Worldviews In Crisis: Nature's Fatal & Formative Blows
Seminal events happen to each and everyone of us. In one way or another there are births and deaths--beginnings and endings, findings and losing, gains and losses--that forever alter the topography and trajectory of our lives. Someone is born into our lives. Someone leaves us unexpectedly (which forms the underlying emotional tone of my last published work, Buddha & Shakespeare: Eastern Dharma, Western Drama). In either case, whether through emergence or departure, our world is thrown into a state of crisis. And by crisis I mean that which is both upsetting as well as potentially transformational.

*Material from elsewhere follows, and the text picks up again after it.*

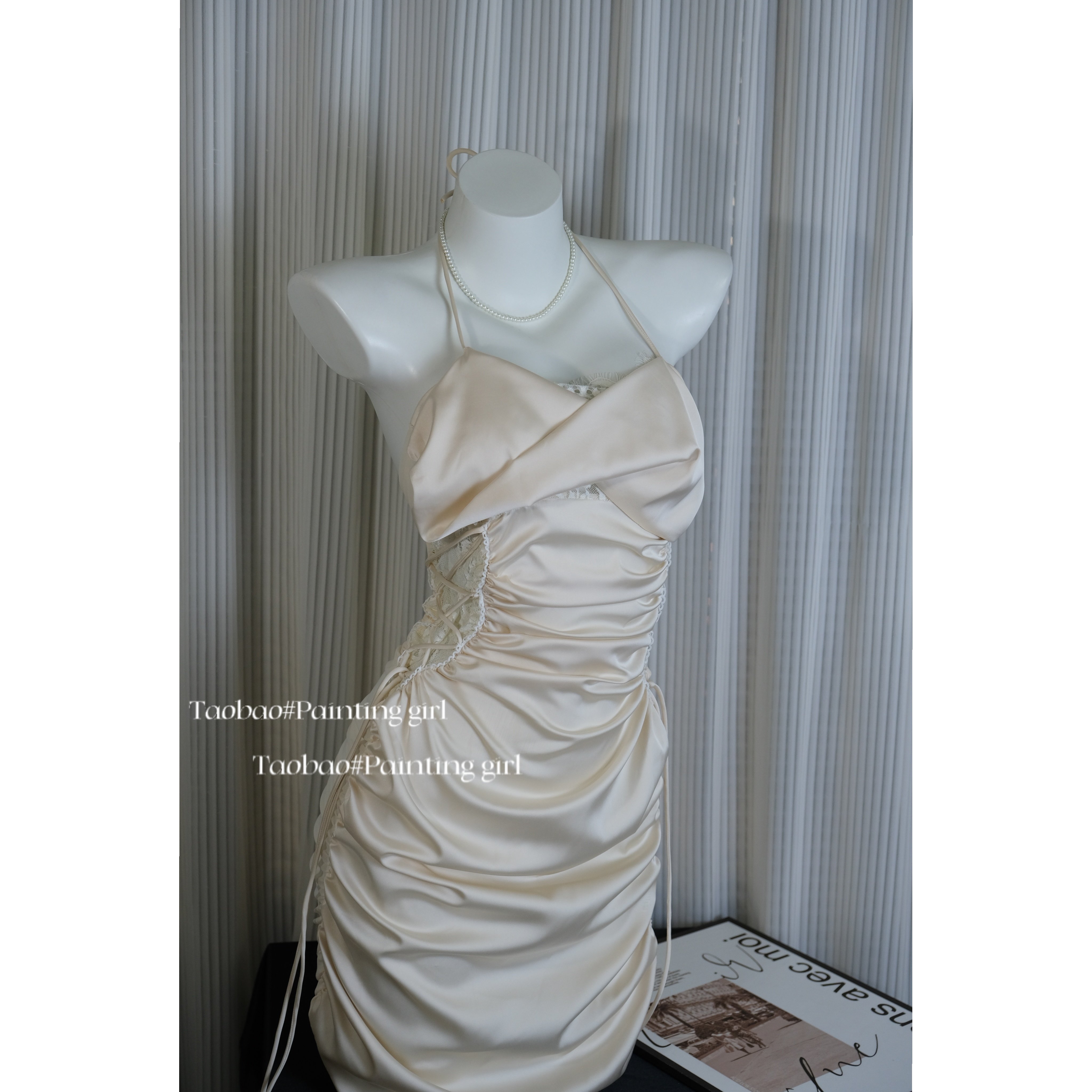 📚 郑大嘻~夏日邂逅·大码性感女睡衣可掀褶皱纯欲风吊带冰丝睡裙

To paraphrase the Buddha, 'Birth is crisis. Death is crisis. Sickness is crisis. All of this is crisis.' Or, to quote a lady that I happen to be a fan of, Victoria Lansford www.victorialansford.com 'The truth hurts... and sets you free.'
But why should the truth hurt in setting us free? Why should that which leads to freedom be so upsetting? Why should being stripped of our illusions be so painful? Is it because 'ignorance is truly bliss' and we adore our beloved ignorance? Isn't that why people can often be heard saying, 'I don't want to hear it?'
Perhaps it is because we are more the creatures of habit than we like to confess in all honesty. We grow comfortable in our little traps. Growth is painful. We have to 'let-go' of certain things in order to be capable of embracing others. And yet, while we are being asked to 'let-go,' by the seminal event in our lives--a crisis--we see nothing on the horizon to fill the space of what we are being asked to give up; which can quickly result in making our grapsing and clinging all the more tenacious. We may even feel like we have to 'hang on for dear life!'
The metaphors of death and sacrifice in terms of our being initiated into 'new ways of being' are not without considerable merit. Those metaphors exist--and have existed--for a reason. Psychologically speaking the death is real. I repeat, psychologically speaking the death and dying process is a literal one in terms of world-views, emotions, feelings, images, and self-conceptions. A crisis brought on bu birth and death literally forces us into a place of deep re-imagining. We become a father or a mother, a husband or a wife, a widow or a widower, and in doing so we have to re-imagine who we are. We have to die, in so many ways, to who we have become prior to this one event we cannot so easily dismiss or deny. And, in spite of all the sweet talk of 'transcend and include' ala Ken Wilber and Integral Spirituality, the process itself can be far more harrowing than what those cute little words would seem to indicate. There are parts of us--sub-personalities, if you will--that refuse to move on... that don't want to leave our psychological New Orleans. That don't want to evacuate. That don't want to change with the times. That resist the impetus that is the crisis: that is the painful, hopeful, challenging, difficult, enlightening, transformational, death-dealing and death-defying opportunity brought to bear upon our whole being via a seminal event.